La providence est morte

ou quelques banalités révolutionnaires

  1. Le monde vit depuis les années 70 un mouvement contre-révolutionnaire, qui poursuit la destruction des conditions de vie passées, pour opérer la transformation cybernétique de la société. Le cadavre de l’État-providence, dont les morceaux s’arrachent en France depuis cinquante ans, n’est qu’un exemple parmi d’autres de cette tendance générale, qui aligne sur un protocole unique toutes les activités humaines.

  2. Le détournement des « réformes » est un symptôme superficiel de ce changement d’époque. D’avantages cédés pour calmer les ardeurs révolutionnaires, elles sont devenues les étapes d’un travail de sape qui durcit le contrat passé sur nos vies, et organise la bureaucratisation informatique.

  3. Le gouvernement actuel condense en un temps très court les attaques des gouvernements précédents. C’est aussi celui qui a le plus conscience de sa mission historique, la modernisation cybernétique de la société. Non que ses managers soient particulièrement intelligents. C’est simplement un signe que le capitalisme n’a plus de temps devant lui. L’état désastreux de la planète et ses propres contradictions le poussent à muter rapidement.

  4. Face à cette transformation générale, les organisateurs abrutis du mouvement social – syndicats ou autres – espèrent conserver leurs « droits » avec des moyens plus faibles que ceux par lesquels ils les ont d’abord obtenus. Ces vendus ne gagneront d’autres miettes que contraints et forcés, pour trahir une colère plus profonde. Quant à ceux d’entre eux qui sont honnêtes, ils ressemblent à des enfants sages, nostalgiques d’un État-providence qui ne reviendra pas. Ils n’ont pas compris que l’État a toujours été la propriété de la classe dominante. Qu’il s’est montré providentiel un temps donné pour maintenir la paix sociale. Ils l’opposent encore au capital et ne voient pas pourquoi ce bon père, même lorsqu’il se dit de gauche, se retourne finalement contre eux.

  5. On ne peut opposer à ce changement radical de la société qu’un autre changement désirable et adverse. Toute posture défensive sera balayée. Nous n’avons pas de « service public » à sauver. Le salariat d’État est aussi misérable que le salariat tout court. Si nous voulons vivre, c’est le travail-marchandise dans son ensemble qu’il faut abolir : sa servitude comme ses produits.
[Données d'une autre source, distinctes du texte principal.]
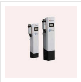
Desiccant Air Dryer
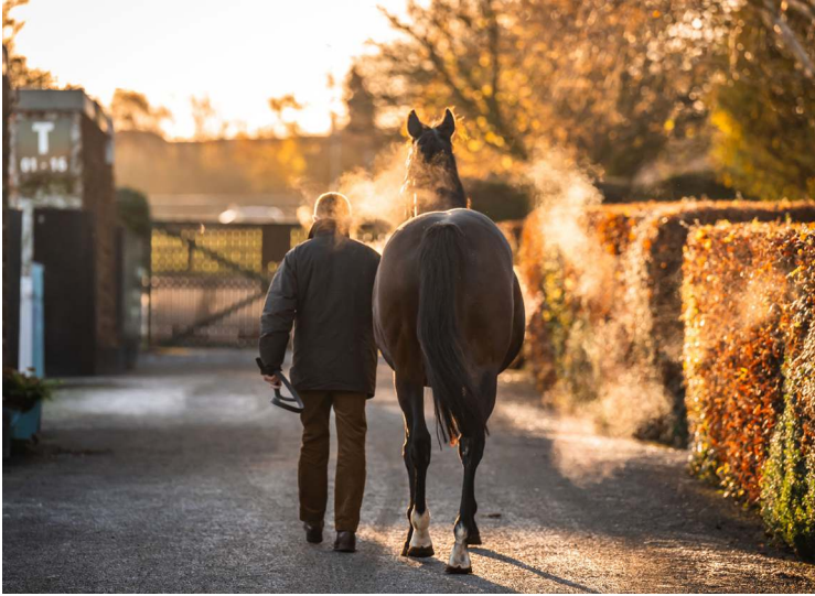
The dam of Goliath was a €5 million buyback | Goffs
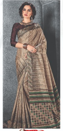
6409 ( MANIPURI SILK )
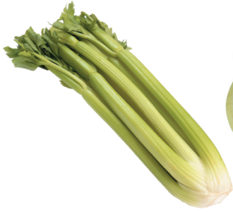
tutaekōau / hereri / herewī
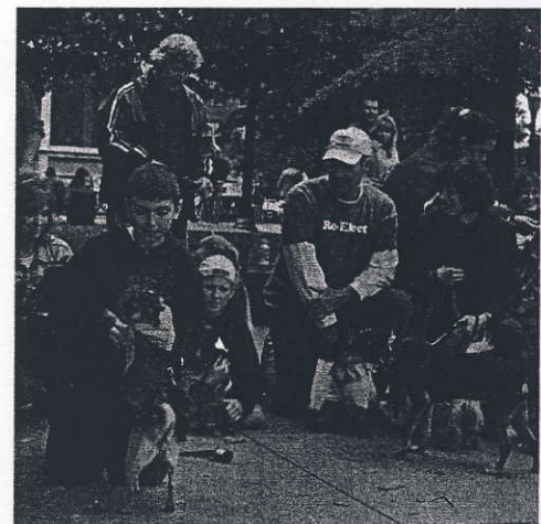
"Walk with your best friend" Against Abuse
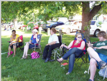
The volunteers hanging out on the sidelines while the guys play soccer.

fun. Most of the time the Soccer teams are all men but occasionally we have a woman, usually an American. It's very
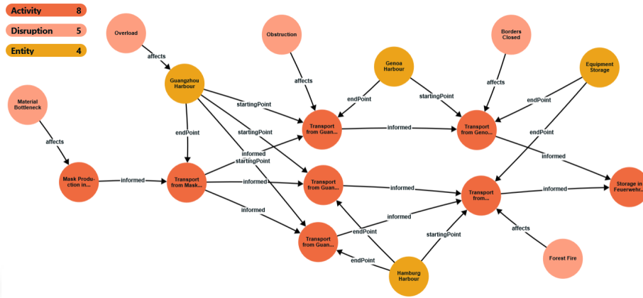
Fig. 2. A subset of the Knowledge Graph describing the supply chain of FFP2 masks

Our basis for the knowledge representation was the consolidated high-level entities and their counterpart PROV-O Starting Point classes: prov:Entity , prov:Activity and prov:Agent [3]. We mapped those through BFO to a useful set of the CCO ontologies, namely: the Event, the Agent and the Artifact ontologies. For the mapping, we extended the alignment between PROV-O and BFO proposed in [4] for core classes.
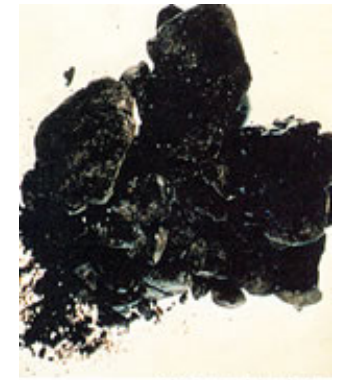
Mexican black tar

Although illegal immigrants and migrant workers frequently smuggle heroin across the U.S./Mexico border in 1- to 3- kilogram amounts for the major trafficking groups, seizures indicate that larger loads are being moved across the border, primarily in privately owned vehicles. Once the heroin reaches the United States, traffickers rely upon well-entrenched polydrug smuggling and distribution networks to deliver their product to the market, principally in the metropolitan areas of the midwestern, southwestern, and western United States with sizable Mexican immigrant populations.
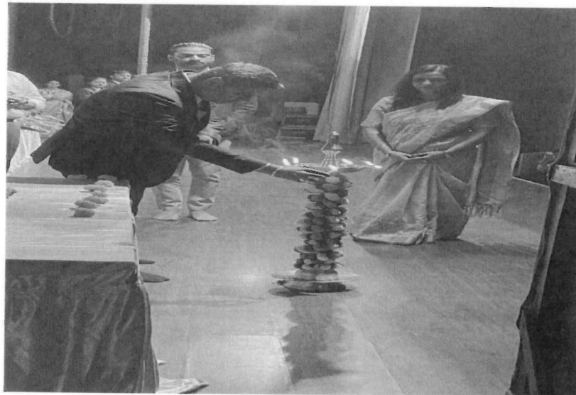
Lighting of lamp
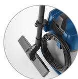
Holding system for accessories and cable
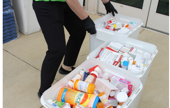
Above: Sharps in red bins (left) and medication in white bins (right)
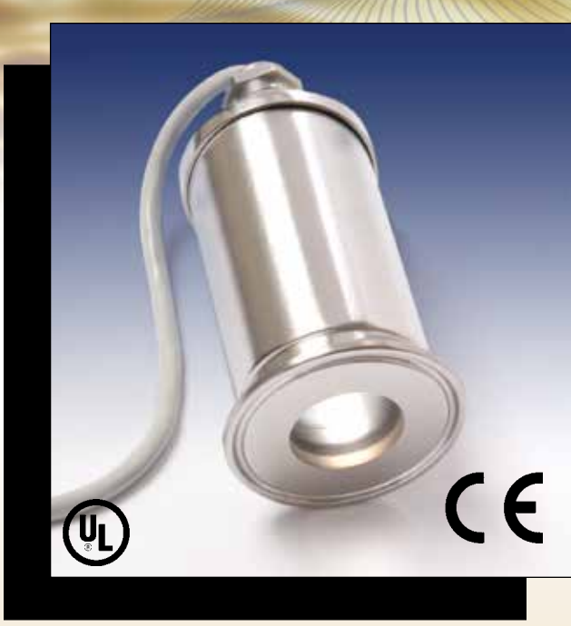
MetaClamp® with Lumiglas® Light
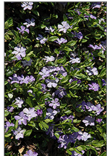
Common Periwinkle in bloom
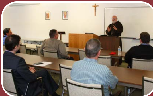
Cardinal Seán O'Malley OFM Cap addressing event attendees

Mass was celebrated at the Seminary by Cardinal Seán O'Malley OFM Cap.
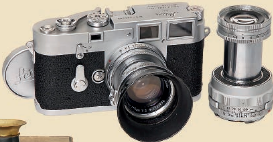
»Leica M3«, double-stroke, No. 703200
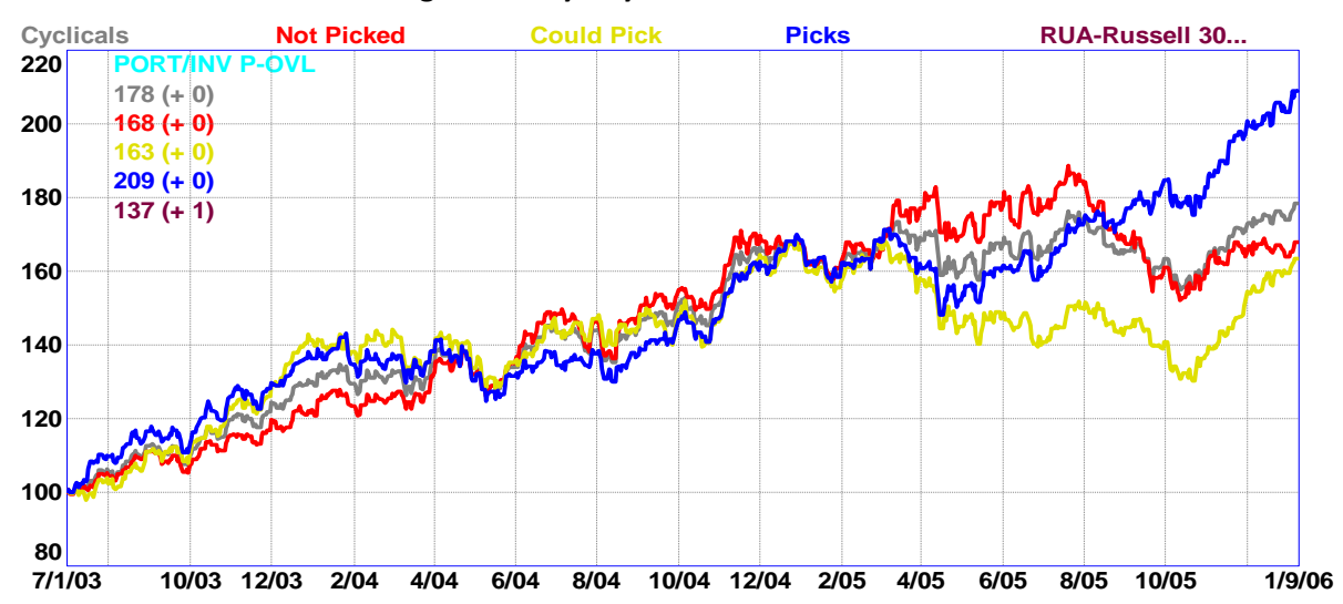
Picks and Non-Picks from Morgan Stanley's Cyclical Stock Price Index.

The chart below is rather busy, but shows the same returns plus that of the Could Pick and Not Pick.
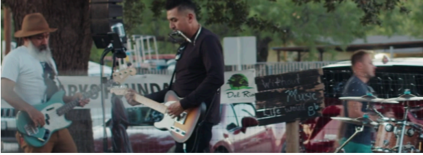
Some photos from one of our Beer Gardens
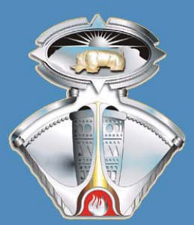
The Order of Mapungubwe
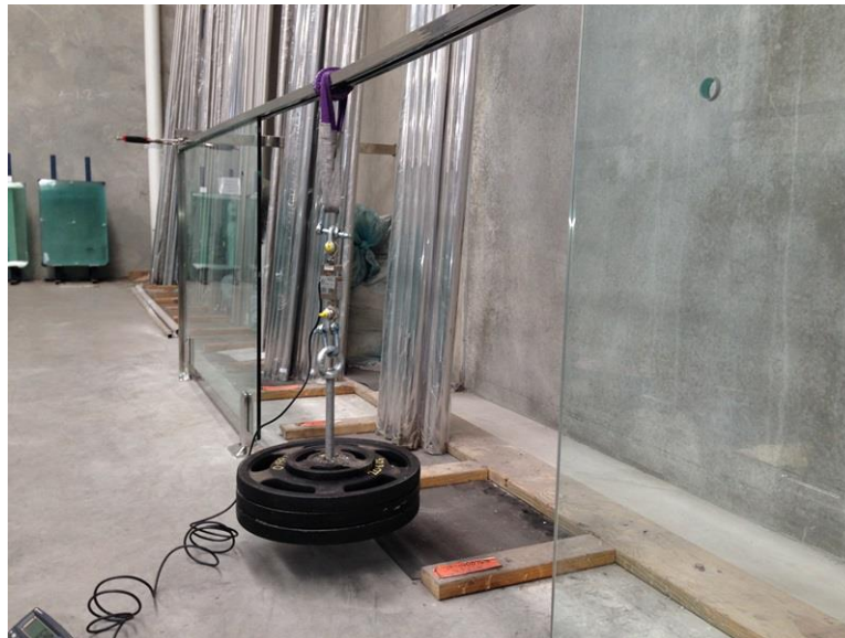
25X50 Rectangle slotted tube under the test No signs of damage or loosening.
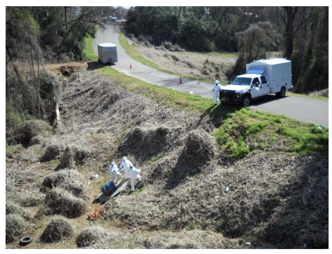
ADEM personnel removing drum from ravine

The Herd Street Drum site is on Herd Street in Tallassee, Elmore County, Alabama. In February 2010, ADEM was notified by local officials that a 55-gallon metal drum had been dumped in a ravine that intersects Herd Street in Tallassee, Alabama. ADEM personnel responded to the site, utilizing a drum lift cradle and power winch to hoist the drum up 30 feet to the road-level. Other containers located in the ravine were old, rusted, and empty. The drum removed was transported to the city shop on Gilmore Avenue where it was staged and sampled. The drum appeared to contain used oil, and sample results confirmed this; however, the material was hazardous due to ignitability. The drum was transported to a fuel blender and disposed of properly. No further action is needed for this site.
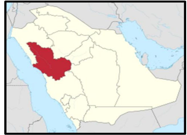
Figure 3: Madinah region

Placenta previa was defined as a condition where the placenta lies low in the uterus, while partially or completely covering the cervix. The patients were diagnosed with placenta previaby RIC5-9-D transvaginalprobe and C4-8-D transabdominal probe using Voluson E6 ultrasound system (GE Healthcare) in the third trimester. Placenta accreta is diagnosed using gray scale ultrasound and the suggestive signs of placenta accreta were presence of placental vascular lacunae, loss of a sonolucent area, interruption of bladder-uterine serosa and visualization of a focal protruding mass between the placenta and bladder. Diagnosis were confirmed by Magnetic resonance imaging (MRI) within 1 week of the ultrasound and intraoperative.
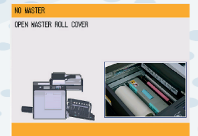
Consumable alarm message
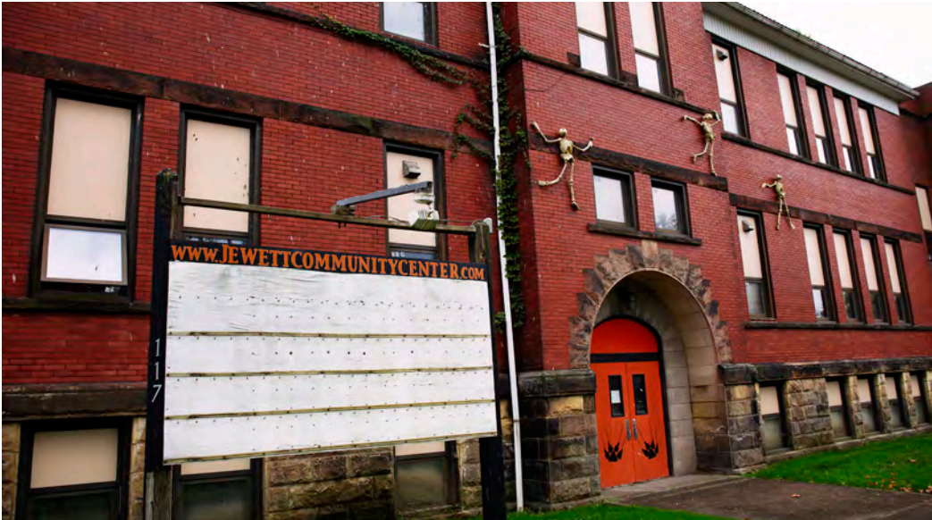
The basement is one of the spookier areas of the tour. But the boiler room specifically was alleged to be the most haunted area. It's not open for the tour, however.
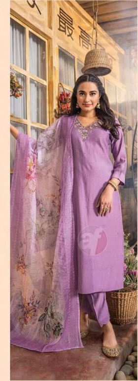
इतिवारवाट VOLUME.5 3466
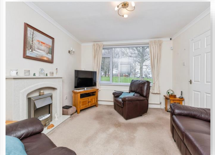
Bannockburn Way, Billingham TS23 3QL
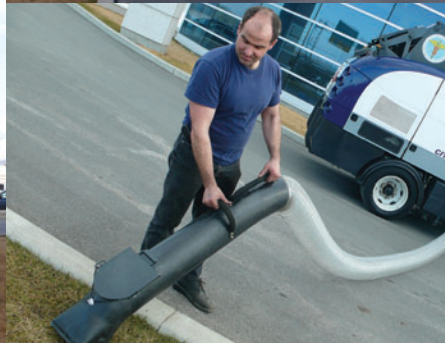
LEFT Joystick controlled robotic vacuum hose arm collects debris in hard to reach areas and safely vacuums up trash cans.
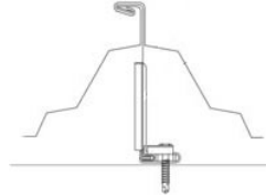
Stratoshield Triple Lok
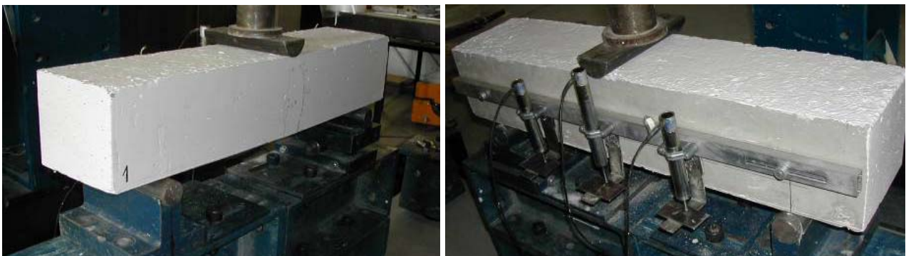
Figure 1: Three point loading tests in slab strips

For each composition three cylinders (150 mm diameter and 300 mm height), three cubes ( 150 \times 150 \times 150 mm 3 ) and four prismatic specimens ( 600 \times 150 \times 150 mm 3 ) were casted and tested to evaluate the compression and bending behavior of the developed concrete compositions. To evaluate the influence of the fiber percentage in the shear resistance of HSC elements, three point loading tests (see Fig. 1) in slab strips ( 800 \times 170 \times 150 mm 3 ) were performed (distance between supports equal to 720 mm). For each composition, four slab strips were casted, two of them including ordinary longitudinal reinforcement ( 2\Phi 20 to assure shear failure) and two without ordinary reinforcement, to serve as reference. A total of twenty-four slab strips were casted and tested.
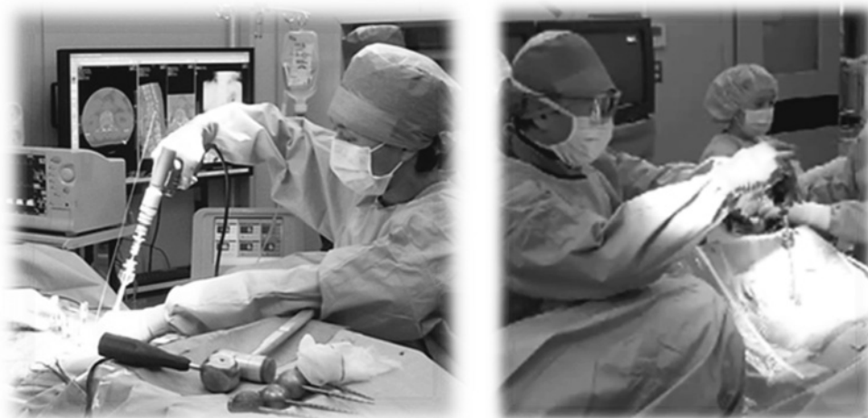
Figure 1. Using a power tool (left) and a manual driver (right).

Elliott et al. performed a study on the use of power tools versus hand tools for the bones of the extremities and found that power tools reduced the time required to insert cortical
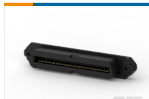
TE Part #5557984-2 D-Sub Receptacle Assembly: Vertical, Action Pin, 2.16mm
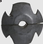
1232A - 1/2"
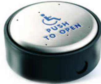
PBR H 152mm (o) x 16mm (d)

Four types of standard push buttons are offered:
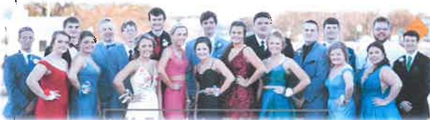
Diller-Odell Seniors celebrating Prom on March 16

School is coming to a close and our youth and confirmation students have been busy. We have VERY talented young people in our congregation!
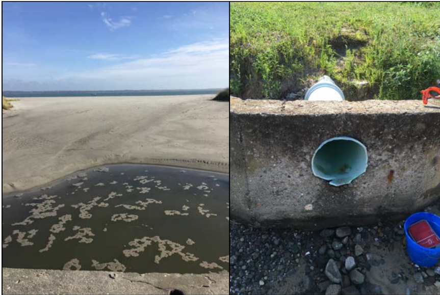
Figure 1: Examples of potential pollution sources.

Photos of two potential pollution sources are shown in Figure 1. Example one (Figure 1, left) is of a drainage basin from an outfall pipe, which is pooling on the beach next to shellfish growing waters and has the potential to drain across the beach with additional runoff during wet weather. The second example (Figure 1, right) is of a drainage pipe with no flow at the time of the survey, however during a rainfall event this source may have flow draining directly into the shellfish growing waters.
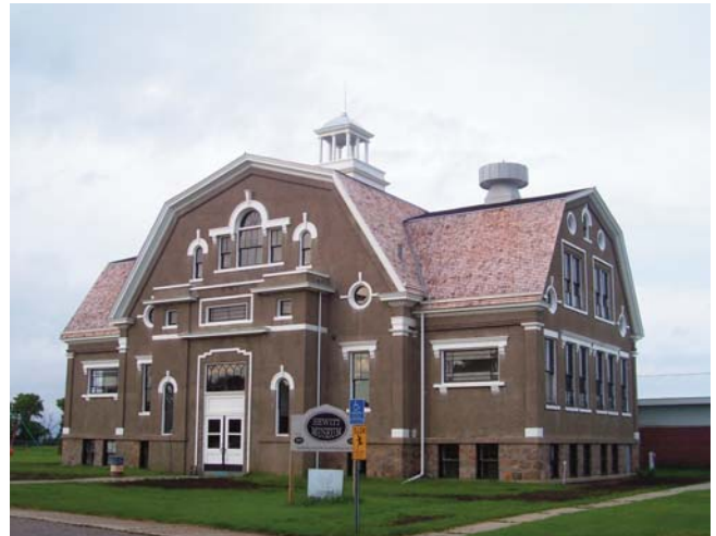
Hewitt Public School, Hewitt, Todd County
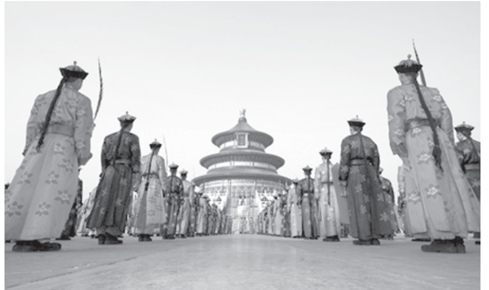
Ritual performers wearing costumes of the royal court of the Qing Dynasty (1644-1911) perform in front of the Hall of Prayer for Good Harvests at the Tiantan (Temple of Heaven) Park in Beijing, capital of China, on 26 Jan, 2009.

  6. Ce ne sont pas les luttes qu’il s’agit de faire converger, mais tous les possibles refoulés par notre existence concentrationnaire, retenus par le chantage à la survie, l’abrutissement spectaculaire et le simulacre cybernétique. En ce sens, la spécialisation militante n’est pas une nécessité mais un frein : elle dégoûte les dégoûtés du monde, partout où elle croit imposer sa vision stupide et bureaucratique, ses rapports à peine voilés de domination. Il s’agit de retrouver collectivement un usage du réel qui dépasse toutes les promesses de l’aliénation.

  7. L’anéantissement de l’humanité est à l’ordre du jour. L’informatique étend partout la quantification et le rapport marchand. Jamais un monde n’a été aussi unifié dans la misère et l’exploitation, et jamais la totalité n’a été si peu prise en compte. Pour que la lutte d’une classe (la plus riche) ait une chance de redevenir une lutte des classes, il faut une perspective révolutionnaire totale. Nous l’avons esquissée ici.